Problem to solve: Each line below from the one containing "El egresado tadeísta" through the one containing "Є окремі матеріали" is to be given again exactly, and no line outside that span.

Records to use:

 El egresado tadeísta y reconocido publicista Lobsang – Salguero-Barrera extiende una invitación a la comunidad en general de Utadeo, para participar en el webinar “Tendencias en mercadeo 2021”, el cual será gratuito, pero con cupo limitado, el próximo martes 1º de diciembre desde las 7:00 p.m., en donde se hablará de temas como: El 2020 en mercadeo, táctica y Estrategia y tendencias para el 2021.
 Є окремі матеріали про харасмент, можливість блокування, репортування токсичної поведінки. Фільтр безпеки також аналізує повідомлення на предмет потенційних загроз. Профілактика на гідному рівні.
--
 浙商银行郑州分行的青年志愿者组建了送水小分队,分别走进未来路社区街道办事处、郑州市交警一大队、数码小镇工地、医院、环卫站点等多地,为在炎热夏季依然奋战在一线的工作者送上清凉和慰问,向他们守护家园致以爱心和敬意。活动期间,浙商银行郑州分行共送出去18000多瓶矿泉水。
==
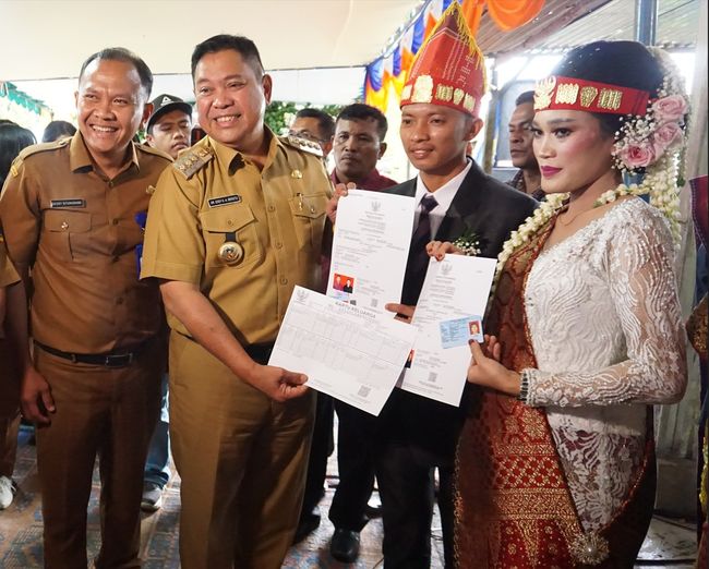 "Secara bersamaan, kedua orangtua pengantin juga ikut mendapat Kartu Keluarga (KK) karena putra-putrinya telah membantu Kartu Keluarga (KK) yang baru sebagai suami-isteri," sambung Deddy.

Result of the exercise:
 El egresado tadeísta y reconocido publicista Lobsang – Salguero-Barrera extiende una invitación a la comunidad en general de Utadeo, para participar en el webinar “Tendencias en mercadeo 2021”, el cual será gratuito, pero con cupo limitado, el próximo martes 1º de diciembre desde las 7:00 p.m., en donde se hablará de temas como: El 2020 en mercadeo, táctica y Estrategia y tendencias para el 2021.
 Є окремі матеріали про харасмент, можливість блокування, репортування токсичної поведінки. Фільтр безпеки також аналізує повідомлення на предмет потенційних загроз. Профілактика на гідному рівні.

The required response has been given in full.